# Alligator lizards



## patrickfraser (Mar 19, 2015)

I was picking up some fallen oranges under my orange tree when I noticed 4 eyes staring at me. It was a pair of alligator lizards that I thought were fighting because one was biting the other's neck, but they were not moving at all. I was able to grab them up in one hand with no problem. I threw them in a critter keeper and put in some roaches and a water dish.

I just looked in on them and one is biting the other again and I believe they are mating.

Does anybody have any experience with these? I will probably let them go so they can carry on in nature, but thought I'd keep for a bit and observe.


----------



## Jay (Mar 19, 2015)

I believe they eat other lizards as well as anything smaller than them that moves, (insects, worms, arachnids) short of bombarder beetles and ants.

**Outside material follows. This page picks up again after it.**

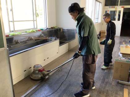 公務手の越智さんと校内整備員の岩崎さんが、手洗い場の床をきれいにしてくださいました。ポリッシャーをかけ、ワックスをかけてくださったので、見違えるようにぴかぴかになりました。校内にはたくさんの手洗い場があるので、トイレも含め順番にきれいにしてくださるとのことです。お二人には校内の整備だけでなく、草刈りや清掃などでも本当にお世話になっています。最近市内で草刈り機による事故が多発しており、それにより、学校でも草刈り機の使用にたくさんの制限がかかっています。この時期、手作業では追いつかないほど草が生えていますが、そちらも順番にきれいにしてくださっています。これからは落ち葉の掃除も加わりとても大変だと思いますが、いつも子どもたちや保護者の方が少しでも気持ちよく学校に来てもらえるようにと頑張ってくださっています。本当に頭が下がります。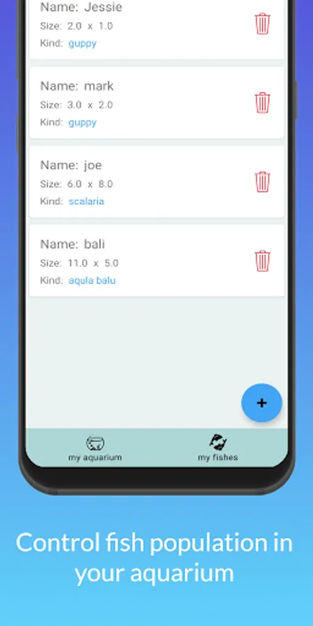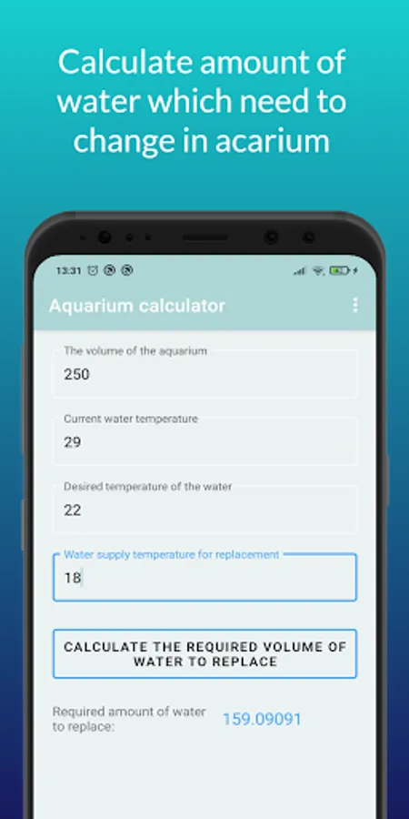 Change the specific amount of water to maintain a comfortable temperature for your fish - and Aquarium calculator will help you. Also you can use our app to control fish population.

If you have not experienced yet, they bite hard enough to draw blood. The Audubon Society field guide to Reptiles and Amphibians is always very helpful as it goes with what to expect with breeding, feeding and timing of egg laying.

I hope this helps.


----------



## dwalls247 (Mar 19, 2015)

I believe those are a type of skink,and yes that does look like they are mating not fighting.Alot of reptile males will hold the female by the neck during mating,my bearded dragons did that when I used to breed them,same with crested geckos.


----------



## Denny1st (Mar 19, 2015)

I think its a species of skink also. We sell blue tounged skinks, five lined skinks and fire bellied skinks. This looks similar to a blue tounged except for the pattern but it might give live birth like blue tounges but I'm not for sure. bWith many lizards the male is rough like that to the female while mating. I've kept leopard and crested geckos and hey both do that. The crested male makes squeaking sounds. I've only hatched crested and never had any luck with an incubator for leopards. I will do some research since I am curious to know what species this is and I'll post what I find.


----------



## dwalls247 (Mar 19, 2015)

Also,Id check online to see what skink species are native to your area before releasing them back into the wild,they might have been pets at one time.If they aren't native you wouldn't want to put them back in the wild.


----------



## Denny1st (Mar 19, 2015)

I found on a site it said there's two species of skinks found in California. One was Gilbert's skink and I can't remember the other but neither looked like this. Unless it's some invasive species I don't think its a skink? I think he's right it is an alligator lizard not a skink though. http://www.californiaherps.com/identification/lizardsid/lizards.id.html#alligators


----------



## patrickfraser (Mar 20, 2015)

I guess they are considered southern alligator lizards. I am in southern California and have seen these all the time in my area. Growing up I just called them alligator lizards. I guess the scientific name is Elgaria multicarinata_,_ but alligator lizard works for me. There will be no problem releasing them back into the wild to continue their life. I just thought it would be cool to watch them a while.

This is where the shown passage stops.